Records drawn from a dataset
^^^^
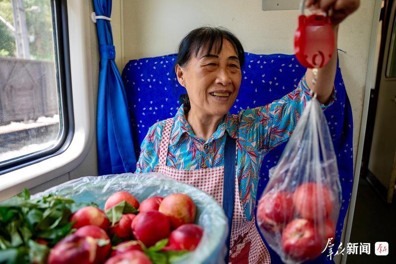 沿途群眾在“秦嶺小慢車”車廂內(nèi)售賣農(nóng)產(chǎn)品。
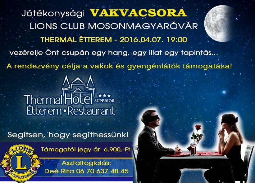 Jótékonysági Vakvacsorára invitálja az érdeklődőket a Mosonmagyaróvári Lions Club.
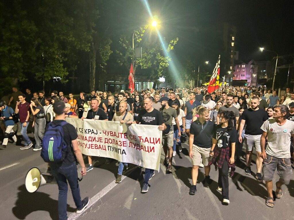 U Kragujevcu je kolona građana duža od jednog kilometra nakon dvočasovne šetnje stigla do prostorija Srpske napredne stranke (SNS) koje su zaključane, a na izlozima su spuštene metalne roletne, gde ih je sačekao kordon policije, ali nije bilo potrebe za njihovim angažovanjem.
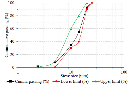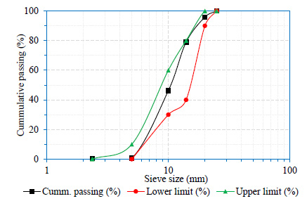 From Figs. (2 and 3), the coarse aggregates were well graded, which is within the grading envelope as provided in BS 882 [46]. This meant that the coarse aggregates used in concrete for this investigation met the necessary criteria and could thus be utilized to produce concrete for the research without the need for blending. The particle size distribution of RCA is similar to the sieve curve of natural coarse aggregate, with little variation.
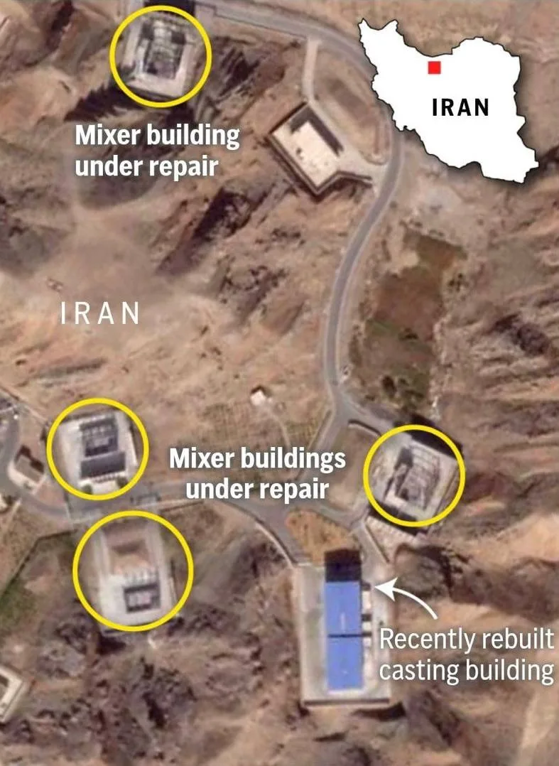 ▪️Предприятии по производству твердотопливных ракетных двигателей в Шахруде, который подвергся удару 22 июня 2025 года.
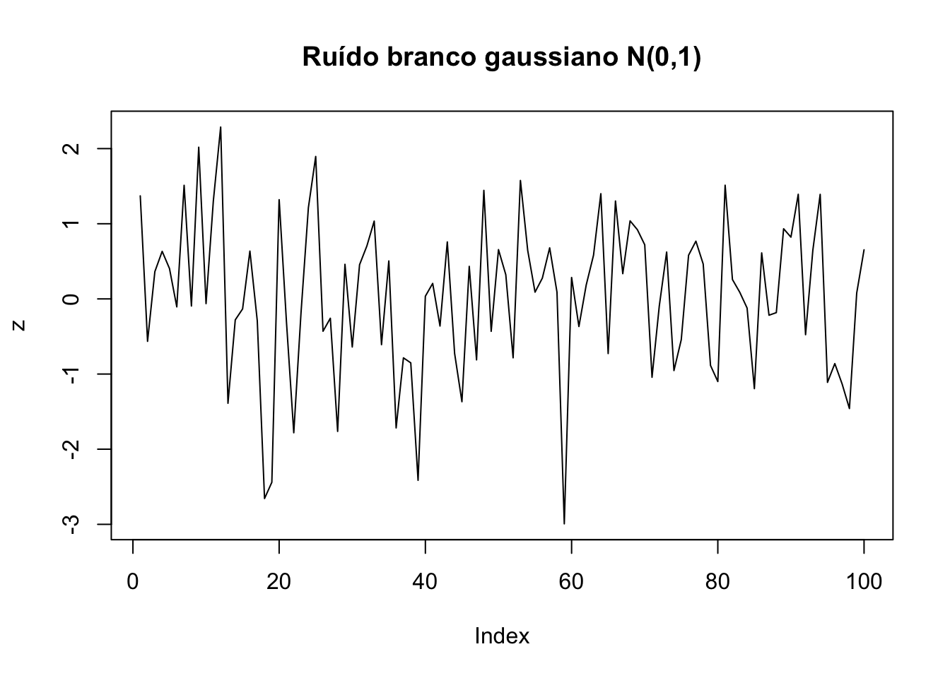 plot(z, type = 'l', main = 'Ruído branco gaussiano N(0,1)')
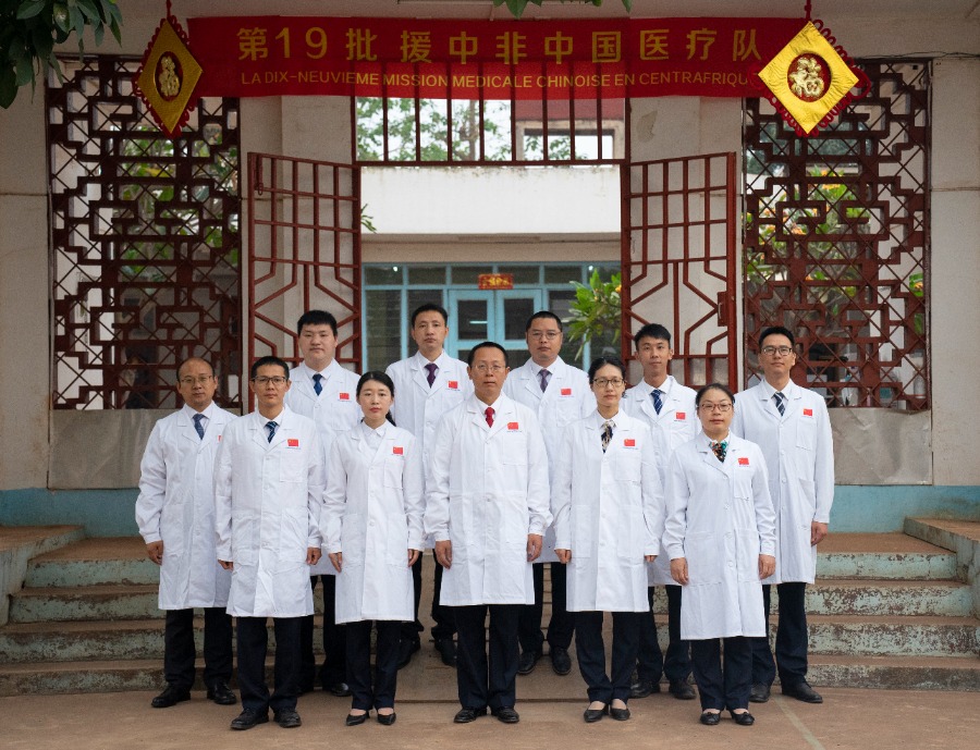 Members of the 19th Chinese medical team dispatched to the Central African Republic pose for a group photo in Bangui, Central African Republic, Feb. 14, 2023. (Xinhua/Li Yahui)
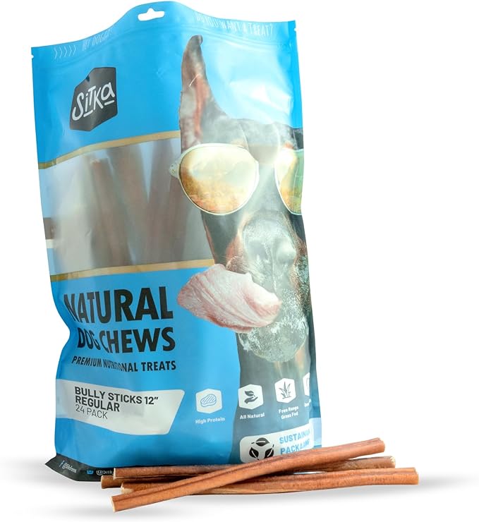Sitka Farms Bully Sticks 12 inch - (24 Count) Bully Sticks Long Lasting Dental Treats for Large Medium and Small Dogs - Fully Digestible Rawhide Free Sticks for Agresive & Medium Chewers
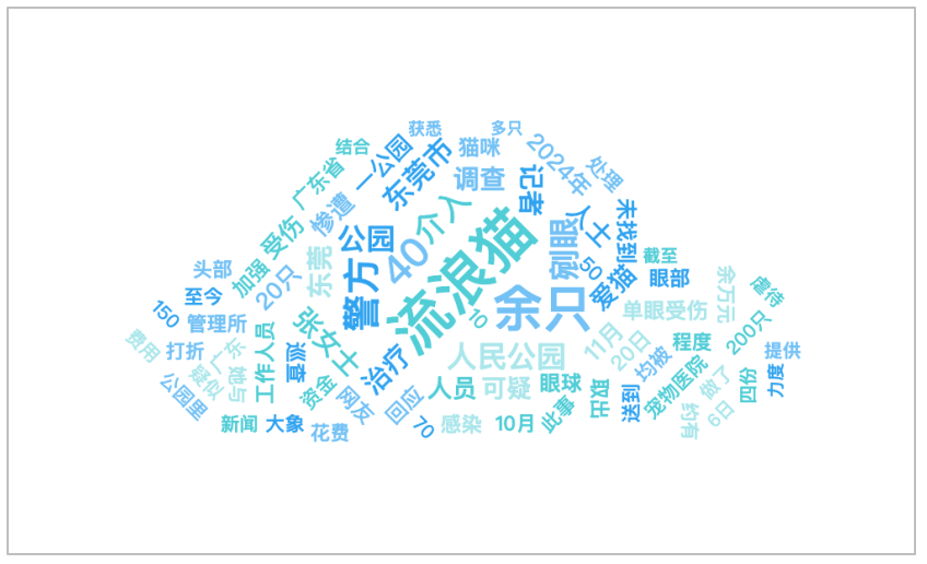 该时段内,有关“东莞一公园40余只流浪猫被剜眼”的话题提及频次较高的词语有“流浪猫”、“余只”、“40”、“警方”、“介入”等。
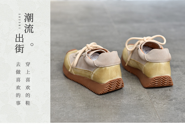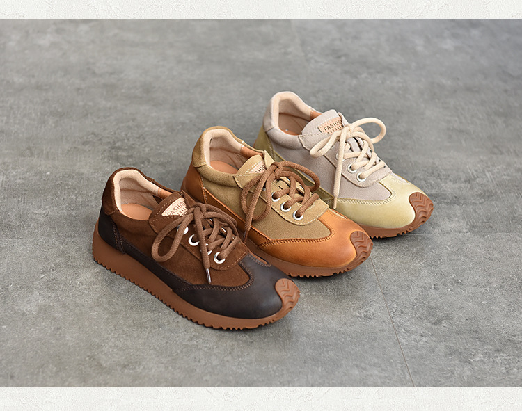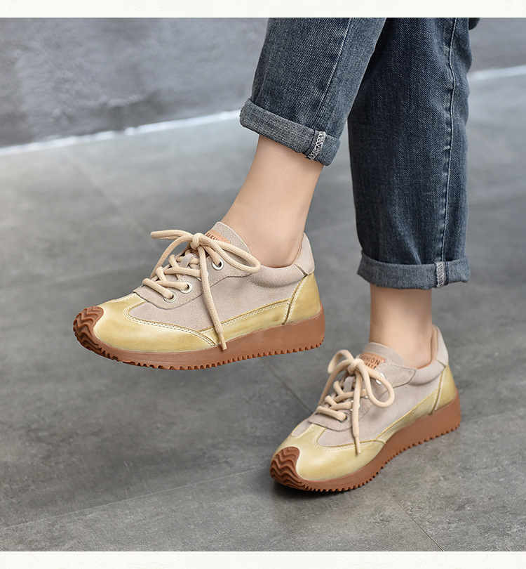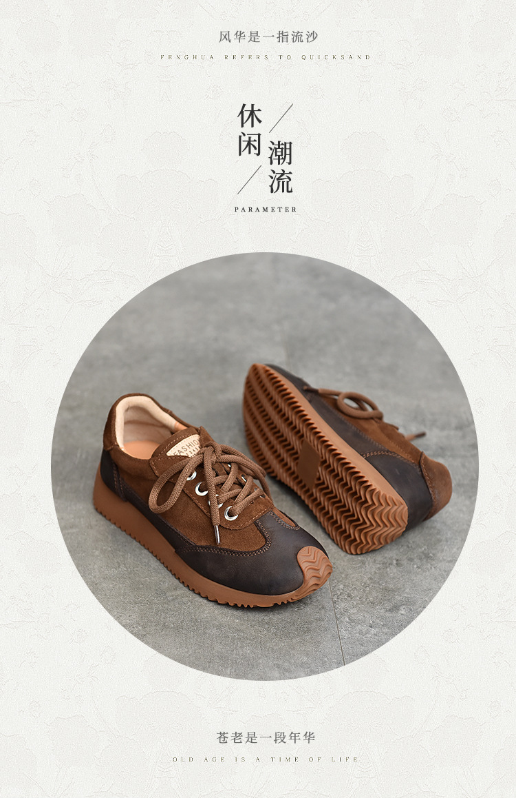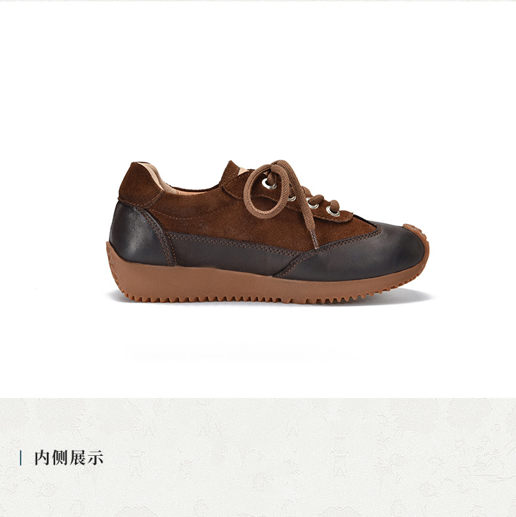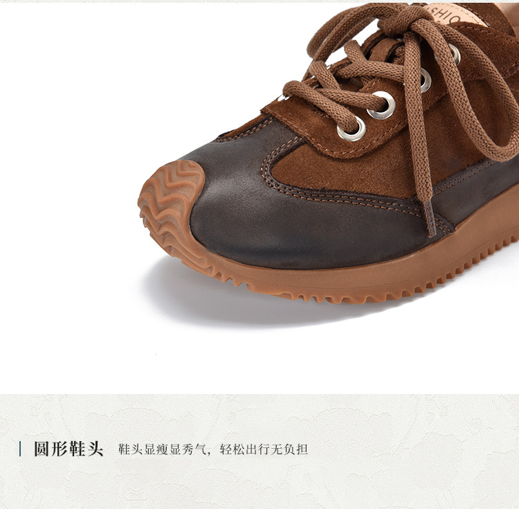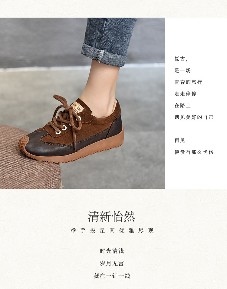 여성용 캐주얼 신발, 다용도, 2025 가을 신상, 천연 가죽, 부드러운 밑창, 로우컷 슈즈, 라운드 토, 미들 힐, 끈 묶는 운동화스토어 가기
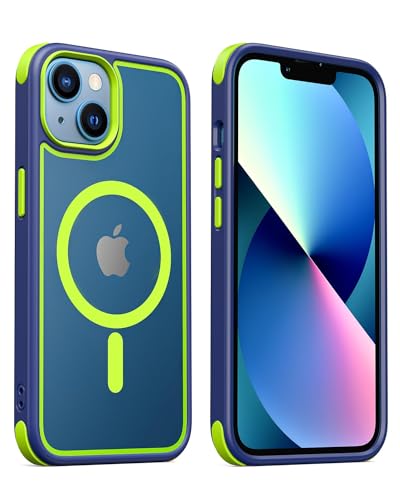 MobNano Magnetiskt fodral för iPhone 13/14 6,1 tum [Stödjer MagSafe trådlös laddning] stötsäkert stötfångarskydd för telefon - Blå
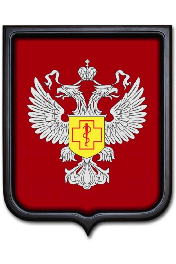 Герб Роспотребнадзора представлен зрителям как золотого цвета двуглавый орел. Головы его повернуты в разные стороны, языки высунуты. Над орлом - золотистая корона, от которой расходится к орлиным головам того же цвета лента. В когтях у птицы зажат геральдический щит с закругленным окончанием. На его желтом фоне изображен алый медицинский крест. Фон креста также желтый. Внутри него - красный посох Асклепия, обвитый змеем.
^^^^
→ **WORK TASK**
An exact, word-for-word copy of the records is expected, with no pictures in it.

→ **ANSWER SPACE**
 沿途群眾在“秦嶺小慢車”車廂內(nèi)售賣農(nóng)產(chǎn)品。
 Jótékonysági Vakvacsorára invitálja az érdeklődőket a Mosonmagyaróvári Lions Club.
 U Kragujevcu je kolona građana duža od jednog kilometra nakon dvočasovne šetnje stigla do prostorija Srpske napredne stranke (SNS) koje su zaključane, a na izlozima su spuštene metalne roletne, gde ih je sačekao kordon policije, ali nije bilo potrebe za njihovim angažovanjem.
 From Figs. (2 and 3), the coarse aggregates were well graded, which is within the grading envelope as provided in BS 882 [46]. This meant that the coarse aggregates used in concrete for this investigation met the necessary criteria and could thus be utilized to produce concrete for the research without the need for blending. The particle size distribution of RCA is similar to the sieve curve of natural coarse aggregate, with little variation.
 ▪️Предприятии по производству твердотопливных ракетных двигателей в Шахруде, который подвергся удару 22 июня 2025 года.
 plot(z, type = 'l', main = 'Ruído branco gaussiano N(0,1)')
 Members of the 19th Chinese medical team dispatched to the Central African Republic pose for a group photo in Bangui, Central African Republic, Feb. 14, 2023. (Xinhua/Li Yahui)
Sitka Farms Bully Sticks 12 inch - (24 Count) Bully Sticks Long Lasting Dental Treats for Large Medium and Small Dogs - Fully Digestible Rawhide Free Sticks for Agresive & Medium Chewers
 该时段内,有关“东莞一公园40余只流浪猫被剜眼”的话题提及频次较高的词语有“流浪猫”、“余只”、“40”、“警方”、“介入”等。
 여성용 캐주얼 신발, 다용도, 2025 가을 신상, 천연 가죽, 부드러운 밑창, 로우컷 슈즈, 라운드 토, 미들 힐, 끈 묶는 운동화스토어 가기
 MobNano Magnetiskt fodral för iPhone 13/14 6,1 tum [Stödjer MagSafe trådlös laddning] stötsäkert stötfångarskydd för telefon - Blå
 Герб Роспотребнадзора представлен зрителям как золотого цвета двуглавый орел. Головы его повернуты в разные стороны, языки высунуты. Над орлом - золотистая корона, от которой расходится к орлиным головам того же цвета лента. В когтях у птицы зажат геральдический щит с закругленным окончанием. На его желтом фоне изображен алый медицинский крест. Фон креста также желтый. Внутри него - красный посох Асклепия, обвитый змеем.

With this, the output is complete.